Bomba a New York, 29 feriti: 15 anni dopo, volevano un altro settembre di terrore? - VIDEO
A esplodere sarebbe stato un ordigno nascosto in un cassonetto della spazzatura. "E' stato un attacco intenzionale, ma non ci sono prove di un legame con il terrorismo", ha detto De Blasio. Particolare ancora più inquietante: un secondo ordigno è stato trovato sulla 27esima strada, poco lontano dal primo. Si tratta di un ordigno rudimentale, confezionato con una pentola a pressione, come quello usato nell'attacco terroristico alla maratona di Boston, accanto al quale sarebbe stato lasciato un biglietto. La polizia, con un sms, ha allertato tutti i residenti della zona invitandoli a non avvicinarsi alle finestre. "Un pacco sospetto è stato rinvenuto e chiediamo ai residenti di restare lontani dalle finestre", si legge nel messaggio. 

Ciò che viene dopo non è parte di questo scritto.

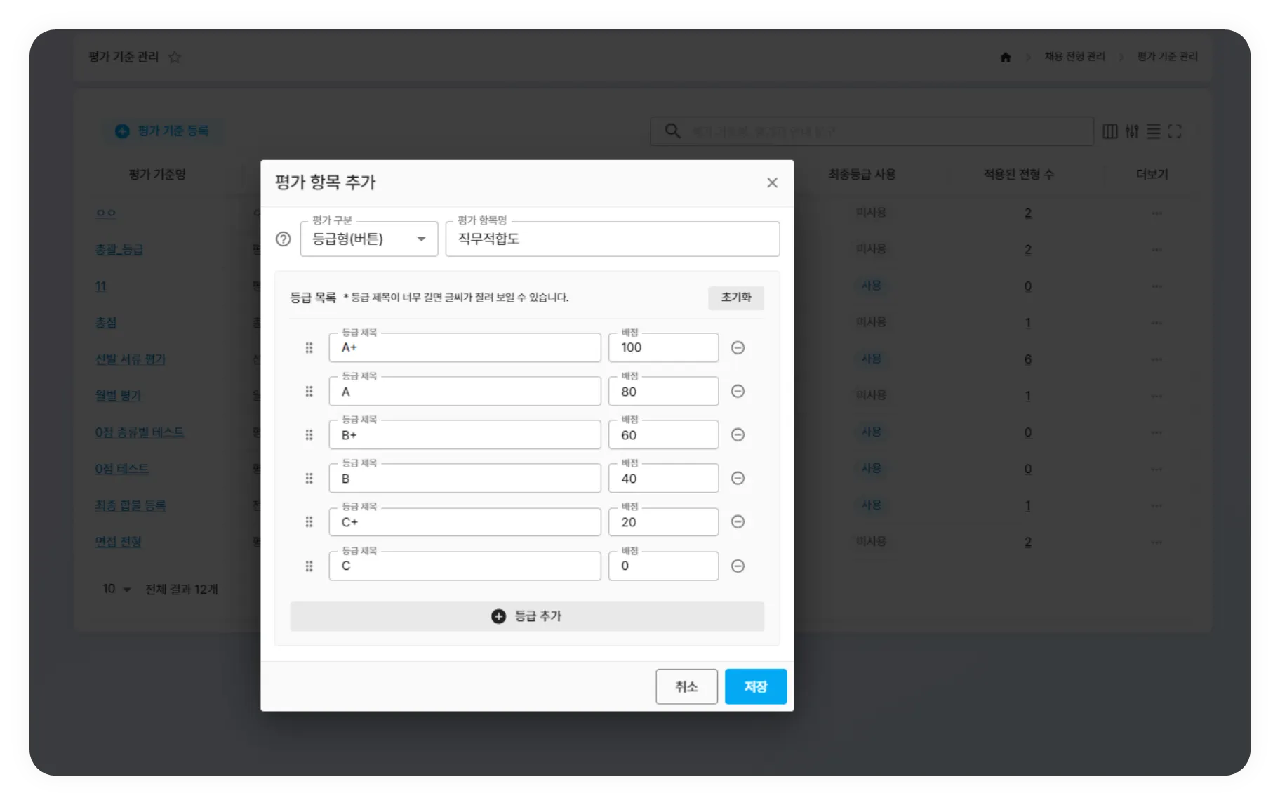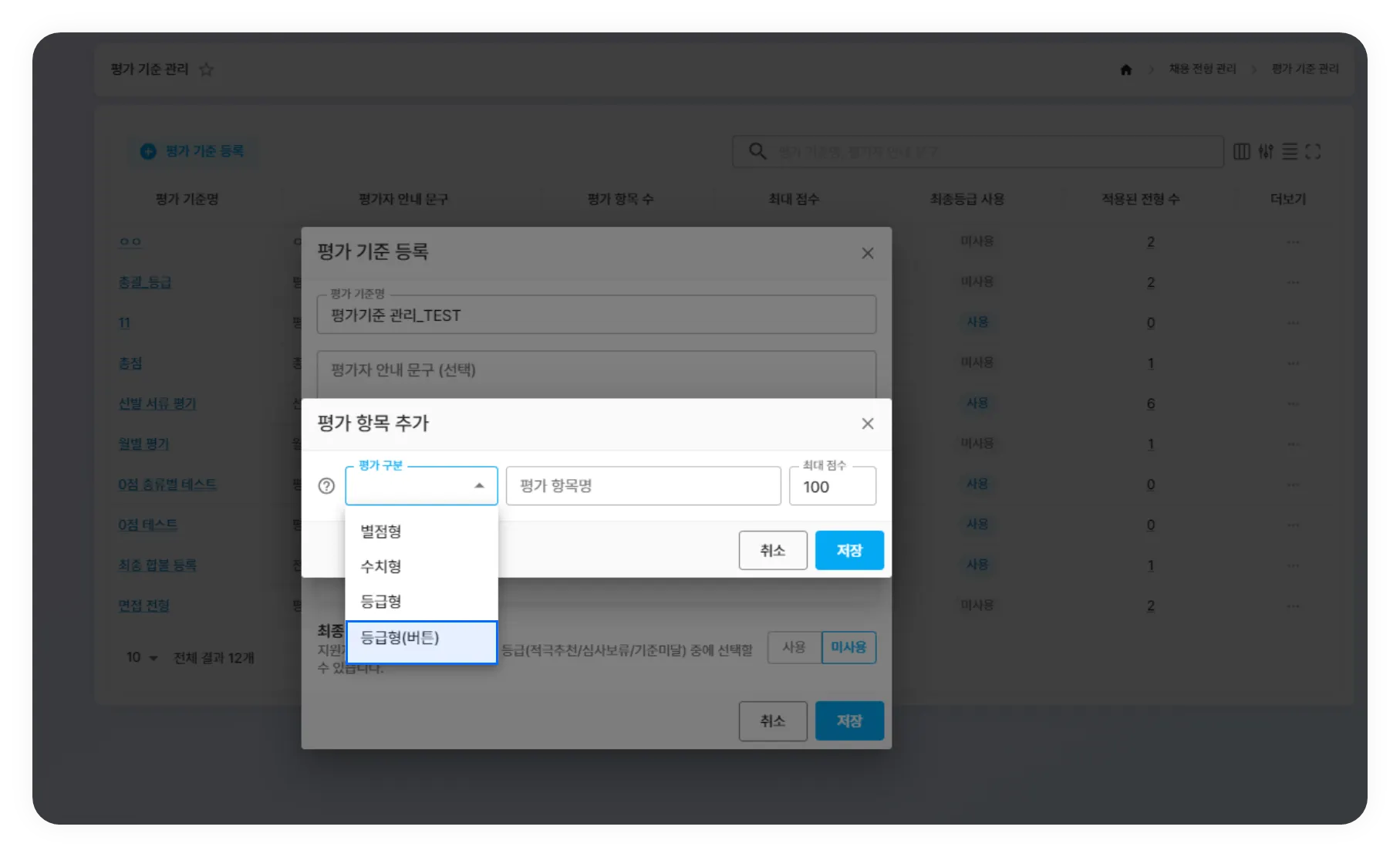 평가 기준 항목 구분 내 등급형(버튼) 추가 기능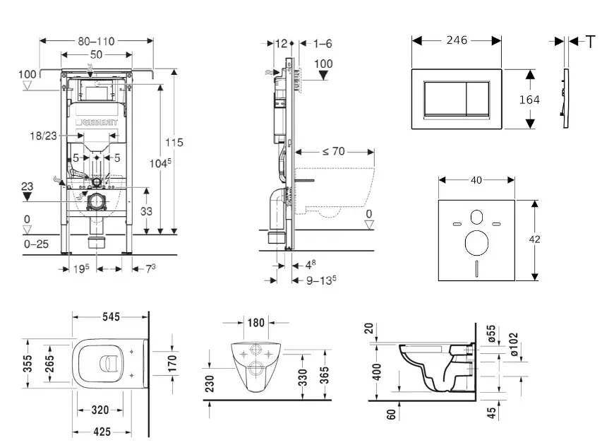Sæt med skillevægsinstallation, toilet, toiletsæde og kontrolknap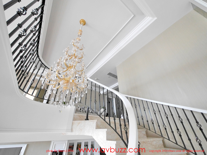 在这距离看88吋弧面电视,刚刚好,楼上是五个房间的位置,主人房一直伸展到按摩池上方,超级巨大的主人房啊。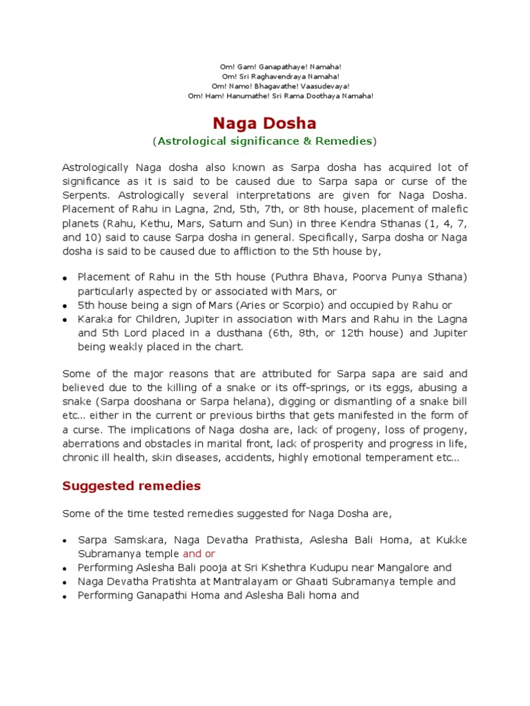 Naga (Naag or Sarpa) Dosha - Nature, Cause, Effects and Remedy Hari Om. Naag dosha also known as Sarpa dosha is a powerful limitation in any chart or horoscope causing obstacles in many ways. The Dosha happens due to rage and extreme anger by the God of Serpent. The Dosha is primarily caused by certain past bad actions or Nishidda Karma. Rahu represents Maya (Illusion) and is said to be the head and Ketu ...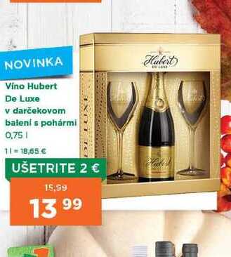 Aktuálnu zľavu na Vino Hubert De Luxe v darčekovom baleni s pohármi 0.75 l zistíte jednoducho nastavením Strážca zliav .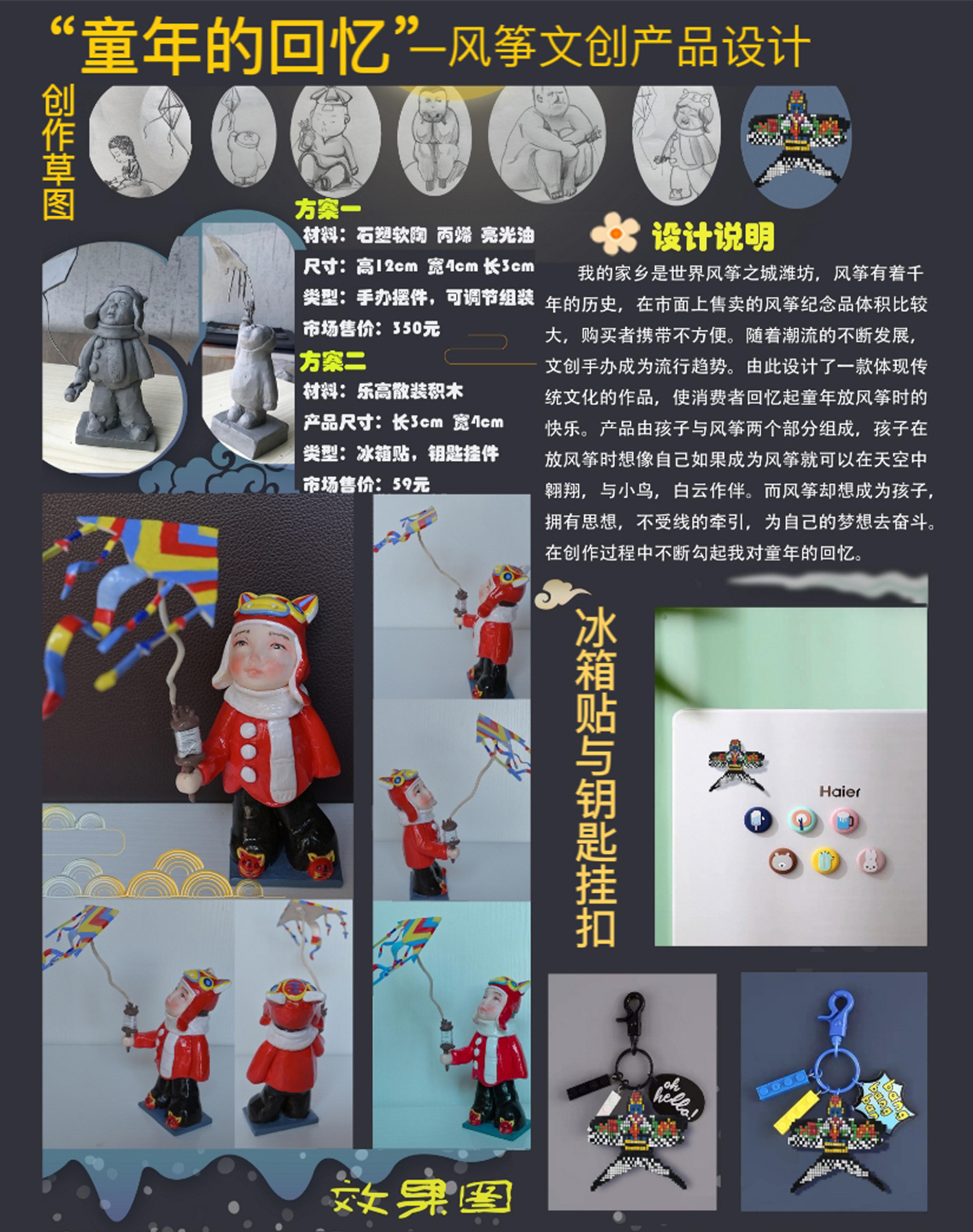随着潮流的不断发展,文创手办成为趋势,由此设计了一款体现传统文化的作品,使消费者回忆起童年放风筝时的快乐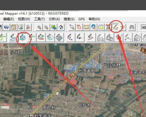 2、点击 Global mapper 工具栏上面的上方的 Digitizer Tool 数字化工具,然后选中左起第四个按钮”Create New Area (Trace Mode)"。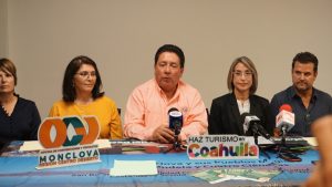 Le acompañaron Enrique Ayala, en calidad de presidente de la Oficina de Convenciones y Visitantes Monclova; José Arellano presidente de la Unión de Organismo Empresariales de Monclova; Emilio Campos, presidente de Touroperadores de Coahuila; Yolanda Cantú, Directora de Turismo en la Región Centro-Desierto, y Ramiro Reyes, Alcalde de Abasolo, así como integrantes del área de turismo de los municipios que conforman esta denominada Ruta del Desierto.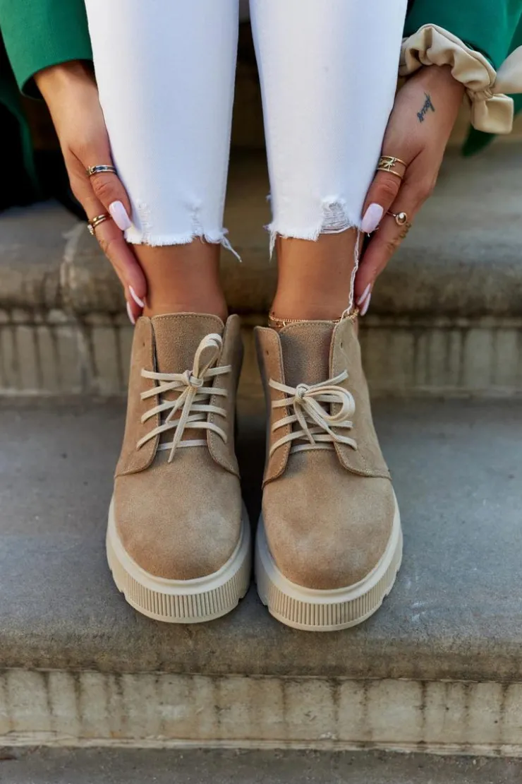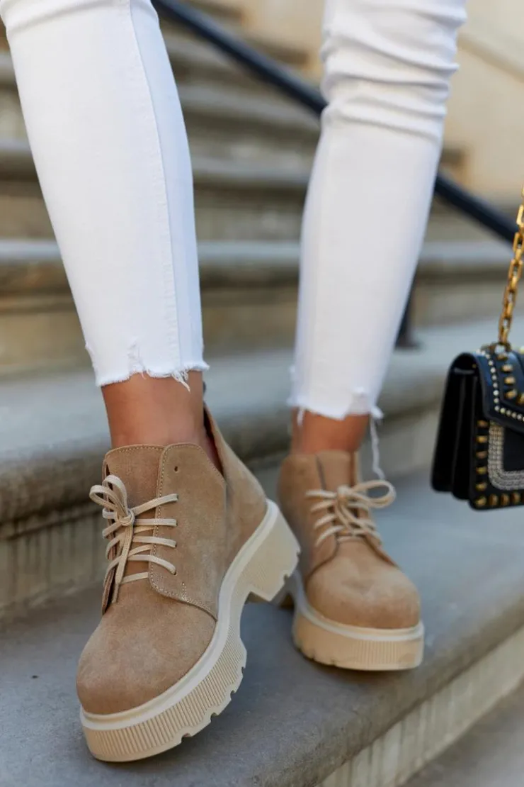 Piękne półbuty marki Nicole. Wykonane są ze skóry naturalnej. Klasyczna forma pasuje do wielu stylizacji. Buty dobrze dopasowują się do kształtu stopy, posiadają miękką wkładkę ze skóry naturalnej, zamszowej. Klasyczny, wiązany model. Posiadają usztywniany zapiętek. Masywna podeszwa świetnie będzie izolować od zimna. Przy wyborze rozmiaru prosimy sugerować się tabelą rozmiarów.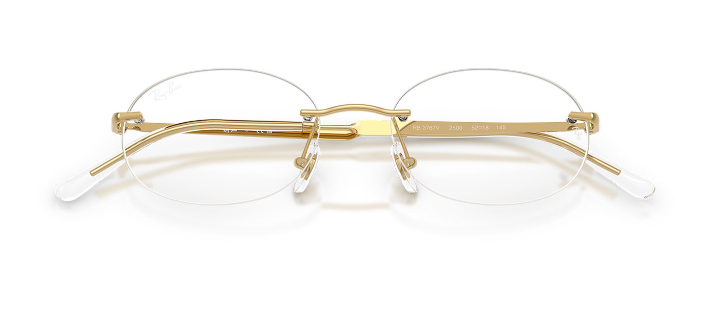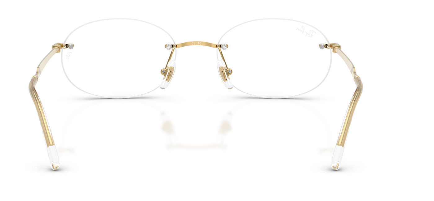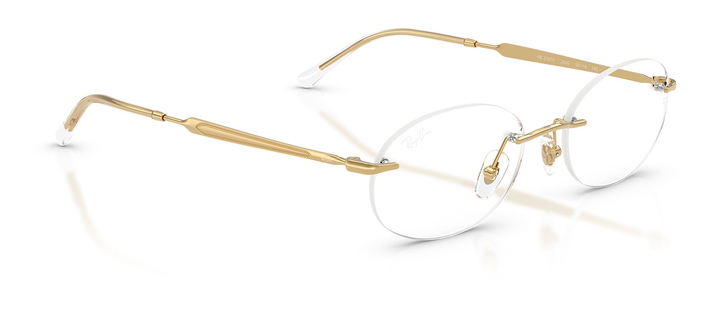 The Ray-Ban RX3767V glasses elevate the timeless oval silhouette with a contemporary rimless design. Sleek metal temples lend a refined edge, complemented by subtle signature detailing and acetate tips for lasting comfort. Merging vintage elegance with modern sophistication, this distinguished frame is designed to leave a lasting impression.
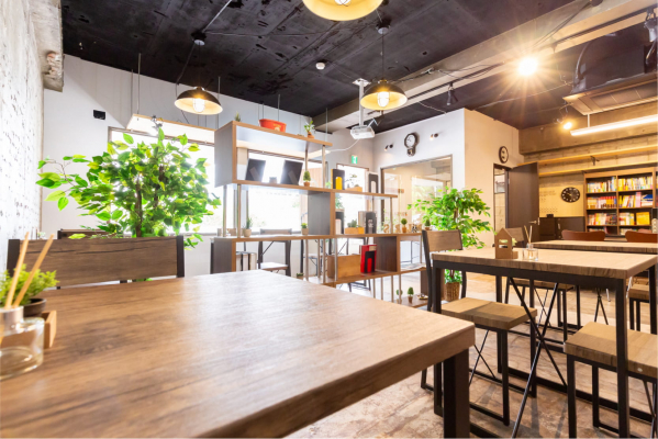 レンガ調の壁面に、緑と独自のアート作品があふれる内装。小さなボリュームでの静かなカフェBGM、集中力を高めるアロマの薄い香りなども取り入れています。

Immediatamente allertato il presidente americano, Barack Obama, che al momento dell'esplosione era a Washington ad una cena di gala del Congressional Black Caucus Foundation per Hillary Clinton. Domani lo stesso Obama, ma anche Matteo Renzi e altri 191 capi di stato e di governo saranno proprio a New York per il summit sui rifugiati e poi per l’assemblea generale dell’Onu.